- Born: 23 August 1958 Lisbon, Portugal
- Died: 2 December 2025 (aged 67) Lisbon, Portugal
- Education: Catholic University of Portugal
- Occupations: Print and television journalist

= Constança Cunha e Sá =

Portuguese journalist (1958–2025)

Constança Cunha e Sá (1958 – 2025) was a Portuguese journalist and political commentator, known for being incisive in her television interviews.

==Early life==
Cunha e Sá was born in the Portuguese capital of Lisbon on 23 August 1958. She studied at the Lisbon campus of the Catholic University of Portugal, where she obtained a degree in philosophy. After graduating she taught for three years in several Lisbon high schools, including the Pedro Nunes High School in Lisbon. She began working as a journalist in 1988 at Sábado magazine, which was then edited by Joaquim Letria. Her first report was of a congress of the Social Democratic Party (PSD). She would contribute to Sábado until 2007.

==Career==
In 1996, Cunha e Sá was appointed director of the weekly newspaper O Independente, owned by Paulo Portas, which she left two years later. She then worked at Diário Económico before starting to work at Televisão Independente (TVI) where she became the politics editor in the newsroom. She remained at TVI until 2020, leaving after disagreeing with the sale of 30% of the shares of TVI's controlling company, Media Capital.
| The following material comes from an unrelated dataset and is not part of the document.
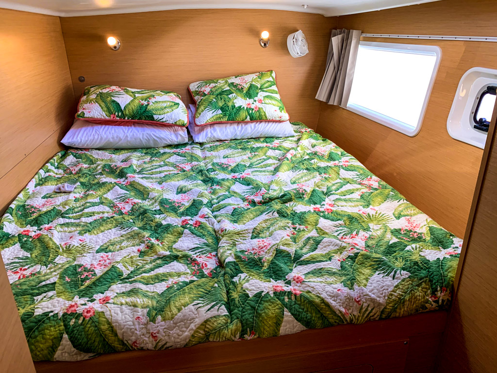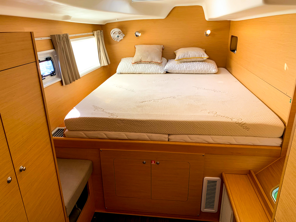 - There is a brand new 100% Natural Latex mattress pad, 4″ thick – custom fit to the owner’s cabin w/ organic cotton cover

She returned a year later as a political commentator, becoming known for her outspokenness. Also on television, she moderated the programme A Prova dos 9, on TVI24 (now CNN Portugal), in which, together with others, she commented on the political, social, and economic situation in Portugal. Throughout her career, Cunha e Sá wrote for several Portuguese newspapers, including: Público, Jornal de Negócios and Correio da Manhã.

==Death and tributes==
Cunha e Sá died from lung cancer in Lisbon on 2 December 2025, at the age of 67. Among others to pay tribute was the Portuguese president, Marcelo Rebelo de Sousa, who noted that she was a "singular figure in Portuguese journalism [who] leaves an indelible memory in all those who had the privilege of working with and knowing her." The Portuguese newspaper, Diário de Notícias, wrote that she "stood out for her ability to explain complex issues of Portuguese politics in a way that was accessible to the public."